# Goal of the exercise
Could the lines from the line bearing "中科院上海技术物理研究所贺信" to the end of the records below be copied exactly, with the pictures left out and no other lines added?

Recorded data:
.....

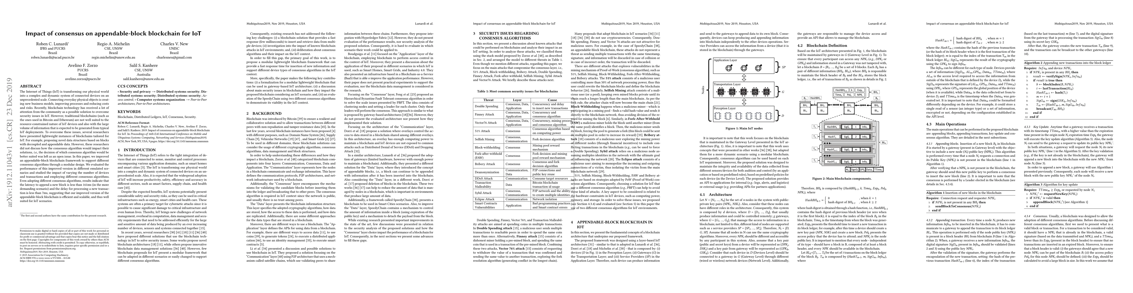 The Internet of Things (IoT) is transforming our physical world into a complex and dynamic system of connected devices on an unprecedented scale. Connecting everyday physical objects is creating new business models, improving processes and reducing costs and risks. Recently, blockchain technology has received a lot of attention from the community as a possible solution to overcome security issues in IoT. However, traditional blockchains (such as the ones used in Bitcoin and Ethereum) are not well suited to the resource-constrained nature of IoT devices and also with the large volume of information that is expected to be generated from typical IoT deployments. To overcome these issues, several researchers have presented lightweight instances of blockchains tailored for IoT. For example, proposing novel data structures based on blocks with decoupled and appendable data. However, these researchers did not discuss how the consensus algorithm would impact their solutions, i.e., the decision of which consensus algorithm would be better suited was left as an open issue. In this paper, we improved an appendable-block blockchain framework to support different consensus algorithms through a modular design. We evaluated the performance of this improved version in different emulated scenarios and studied the impact of varying the number of devices and transactions and employing different consensus algorithms. Even adopting different consensus algorithms, results indicate that the latency to append a new block is less than 161ms (in the more demanding scenario) and the delay for processing a new transaction is less than 7ms, suggesting that our improved version of the appendable-block blockchain is efficient and scalable, and thus well suited for IoT scenarios.
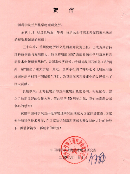 中科院上海技术物理研究所贺信
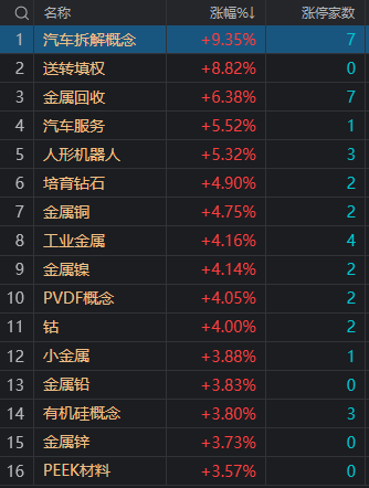 财联社3月15日电,市场全天探底回升,三大指数均小幅收涨,沪指周线录得5连阳。盘面上,周期股集体活跃,其中有色金属概念股再度走强,北方铜业、鹏欣资源、顺博合金涨停;有机硅概念股午后异动,晨化股份、晨光新材、宏达新材涨停。汽车拆解概念股维持强势,超越科技、怡球资源、格林美等涨停。CPO概念股反复活跃,新易盛涨超10%,天孚通信、中际旭创均创历史新高。机器人概念股震荡走强,鸣志电器、雷赛智能、夏厦精密等10余股涨停。飞行汽车概念股探底回升,万丰奥威、永悦科技涨停。下跌方面,煤炭股再度调整,潞安环能等跌超3%。总体上个股涨多跌少,全市场超4300只个股上涨。沪深两市今日成交额9445亿,较上个交易日缩量627亿,成交金额跌破万亿。板块方面,汽车拆解概念、人形机器人、金属铜、有机硅等板块涨幅居前,煤炭、Sora概念、CRO等板块跌幅居前。截至收盘,沪指涨0.54%,深成指涨0.6%,创业板指涨0.06%。北向资金全天净买入103.26亿,其中沪股通净买入67.92亿元,深股通净买入35.34亿元。
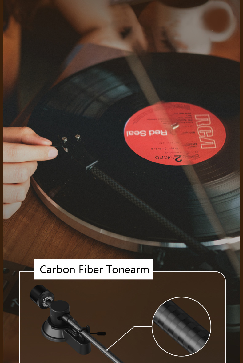 - Its tonearm is made of carbon fiber, which is lighter in weight
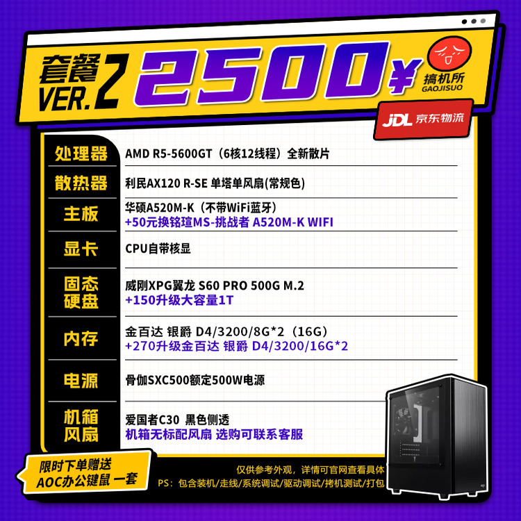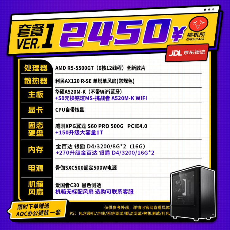 搞机所 12月特惠 R5 5600GT/i5-12400 商务 台式 办公 核显 主机

.....

# Exercise result
 中科院上海技术物理研究所贺信
 财联社3月15日电,市场全天探底回升,三大指数均小幅收涨,沪指周线录得5连阳。盘面上,周期股集体活跃,其中有色金属概念股再度走强,北方铜业、鹏欣资源、顺博合金涨停;有机硅概念股午后异动,晨化股份、晨光新材、宏达新材涨停。汽车拆解概念股维持强势,超越科技、怡球资源、格林美等涨停。CPO概念股反复活跃,新易盛涨超10%,天孚通信、中际旭创均创历史新高。机器人概念股震荡走强,鸣志电器、雷赛智能、夏厦精密等10余股涨停。飞行汽车概念股探底回升,万丰奥威、永悦科技涨停。下跌方面,煤炭股再度调整,潞安环能等跌超3%。总体上个股涨多跌少,全市场超4300只个股上涨。沪深两市今日成交额9445亿,较上个交易日缩量627亿,成交金额跌破万亿。板块方面,汽车拆解概念、人形机器人、金属铜、有机硅等板块涨幅居前,煤炭、Sora概念、CRO等板块跌幅居前。截至收盘,沪指涨0.54%,深成指涨0.6%,创业板指涨0.06%。北向资金全天净买入103.26亿,其中沪股通净买入67.92亿元,深股通净买入35.34亿元。
 - Its tonearm is made of carbon fiber, which is lighter in weight
 搞机所 12月特惠 R5 5600GT/i5-12400 商务 台式 办公 核显 主机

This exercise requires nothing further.